# PROBLEM DESCRIPTION:
Give back exactly the lines of the data below, starting with the line that has "만약 조금 실수를 해서" and going on through the line that has "13時(shí)45分,航天".

# GIVEN ENTRIES:
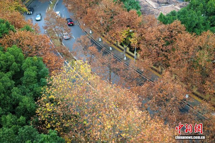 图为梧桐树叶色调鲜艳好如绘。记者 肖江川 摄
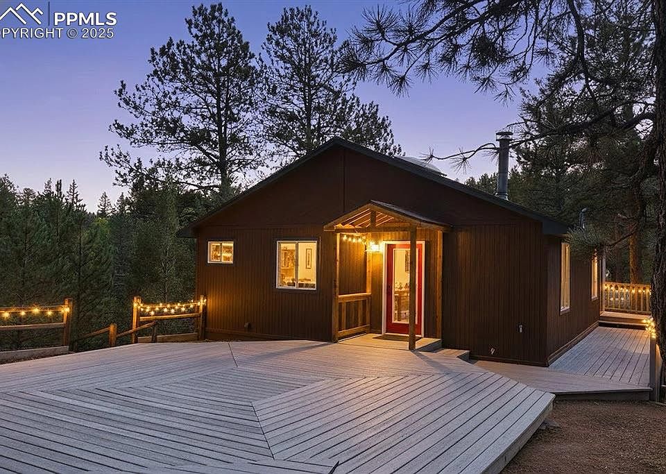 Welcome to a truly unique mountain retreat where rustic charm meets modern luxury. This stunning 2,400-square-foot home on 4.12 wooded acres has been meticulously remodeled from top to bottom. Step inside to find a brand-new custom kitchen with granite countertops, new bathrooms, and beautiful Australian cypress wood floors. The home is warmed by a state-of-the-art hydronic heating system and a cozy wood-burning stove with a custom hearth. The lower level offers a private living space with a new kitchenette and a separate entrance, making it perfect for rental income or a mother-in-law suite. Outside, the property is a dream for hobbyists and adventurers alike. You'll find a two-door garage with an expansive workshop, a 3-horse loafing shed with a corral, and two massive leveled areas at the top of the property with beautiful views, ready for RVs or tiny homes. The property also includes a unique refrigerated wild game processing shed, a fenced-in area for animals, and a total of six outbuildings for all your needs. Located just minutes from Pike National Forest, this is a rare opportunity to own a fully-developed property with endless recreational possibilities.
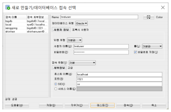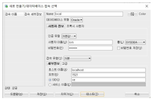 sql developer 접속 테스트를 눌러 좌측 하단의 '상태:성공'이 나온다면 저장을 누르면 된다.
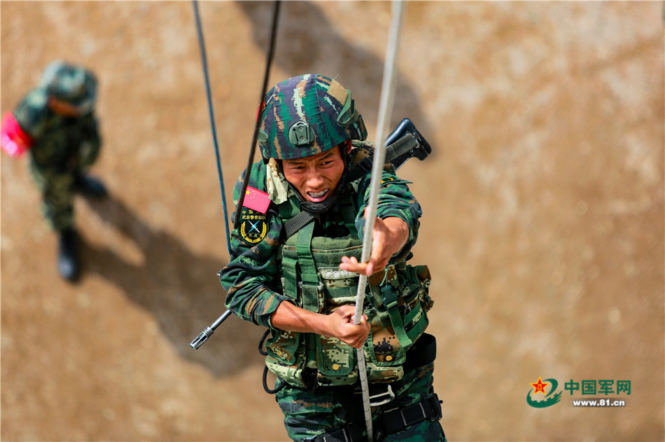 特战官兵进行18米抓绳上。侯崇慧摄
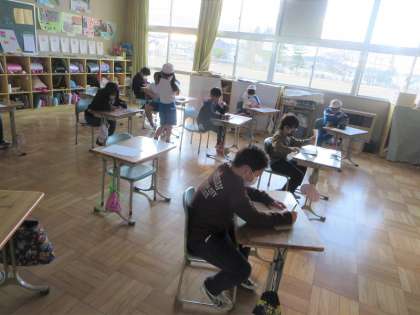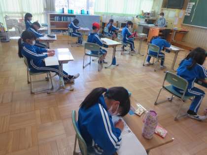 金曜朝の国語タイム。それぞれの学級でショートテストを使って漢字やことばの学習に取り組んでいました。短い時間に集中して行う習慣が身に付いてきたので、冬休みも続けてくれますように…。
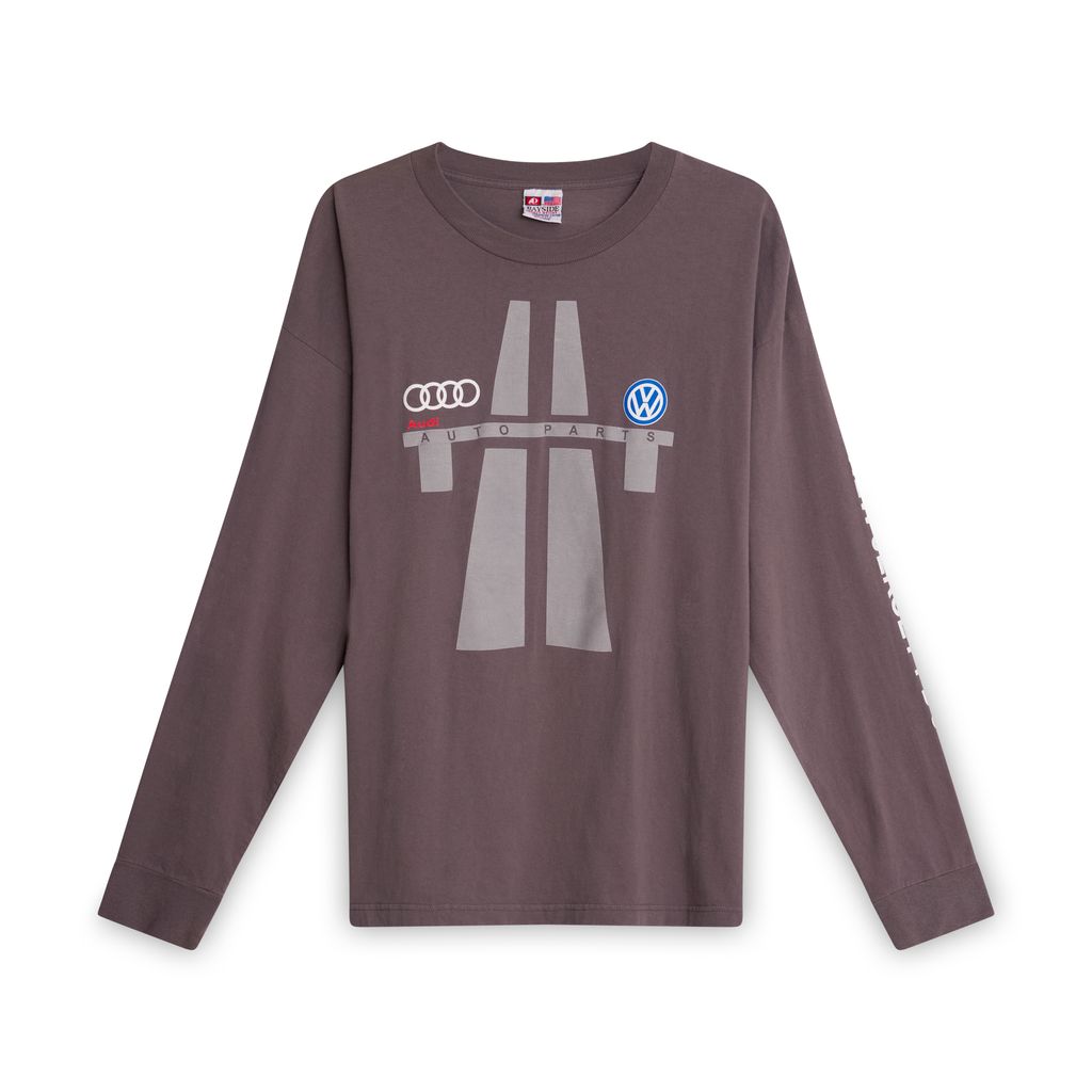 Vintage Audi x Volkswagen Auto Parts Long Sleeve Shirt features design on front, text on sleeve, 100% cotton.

==

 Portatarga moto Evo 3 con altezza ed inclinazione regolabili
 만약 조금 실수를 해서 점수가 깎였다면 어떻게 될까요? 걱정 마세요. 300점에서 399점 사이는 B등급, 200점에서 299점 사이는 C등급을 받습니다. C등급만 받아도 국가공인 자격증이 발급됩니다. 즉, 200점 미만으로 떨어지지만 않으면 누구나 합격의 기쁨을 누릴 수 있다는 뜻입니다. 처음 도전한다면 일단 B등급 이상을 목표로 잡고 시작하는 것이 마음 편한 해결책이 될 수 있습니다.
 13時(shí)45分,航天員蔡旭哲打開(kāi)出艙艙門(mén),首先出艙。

---

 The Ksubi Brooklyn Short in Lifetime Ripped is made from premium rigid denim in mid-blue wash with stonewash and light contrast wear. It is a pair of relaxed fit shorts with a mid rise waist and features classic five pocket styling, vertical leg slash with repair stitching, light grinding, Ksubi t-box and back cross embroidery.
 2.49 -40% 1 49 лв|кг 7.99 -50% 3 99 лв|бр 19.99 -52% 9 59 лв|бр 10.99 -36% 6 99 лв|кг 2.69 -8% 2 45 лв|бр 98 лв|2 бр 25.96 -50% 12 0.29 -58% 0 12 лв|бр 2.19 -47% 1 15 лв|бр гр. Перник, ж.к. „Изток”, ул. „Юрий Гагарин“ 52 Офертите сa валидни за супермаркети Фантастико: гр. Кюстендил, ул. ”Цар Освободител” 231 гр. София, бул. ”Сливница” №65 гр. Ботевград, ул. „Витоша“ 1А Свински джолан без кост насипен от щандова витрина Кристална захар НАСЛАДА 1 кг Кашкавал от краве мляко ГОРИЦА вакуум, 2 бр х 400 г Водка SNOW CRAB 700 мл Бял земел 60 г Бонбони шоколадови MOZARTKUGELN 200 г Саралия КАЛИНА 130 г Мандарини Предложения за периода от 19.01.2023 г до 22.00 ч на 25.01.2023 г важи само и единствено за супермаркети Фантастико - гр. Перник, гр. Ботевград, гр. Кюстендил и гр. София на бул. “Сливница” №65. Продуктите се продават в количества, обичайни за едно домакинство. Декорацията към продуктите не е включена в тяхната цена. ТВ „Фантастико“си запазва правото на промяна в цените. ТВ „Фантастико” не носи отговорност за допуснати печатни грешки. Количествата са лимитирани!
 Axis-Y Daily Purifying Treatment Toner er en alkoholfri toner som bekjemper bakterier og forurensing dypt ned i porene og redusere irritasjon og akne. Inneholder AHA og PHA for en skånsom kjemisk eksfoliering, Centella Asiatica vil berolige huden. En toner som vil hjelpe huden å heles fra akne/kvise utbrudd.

# RESULT OF THE TASK:
 만약 조금 실수를 해서 점수가 깎였다면 어떻게 될까요? 걱정 마세요. 300점에서 399점 사이는 B등급, 200점에서 299점 사이는 C등급을 받습니다. C등급만 받아도 국가공인 자격증이 발급됩니다. 즉, 200점 미만으로 떨어지지만 않으면 누구나 합격의 기쁨을 누릴 수 있다는 뜻입니다. 처음 도전한다면 일단 B등급 이상을 목표로 잡고 시작하는 것이 마음 편한 해결책이 될 수 있습니다.
 13時(shí)45分,航天員蔡旭哲打開(kāi)出艙艙門(mén),首先出艙。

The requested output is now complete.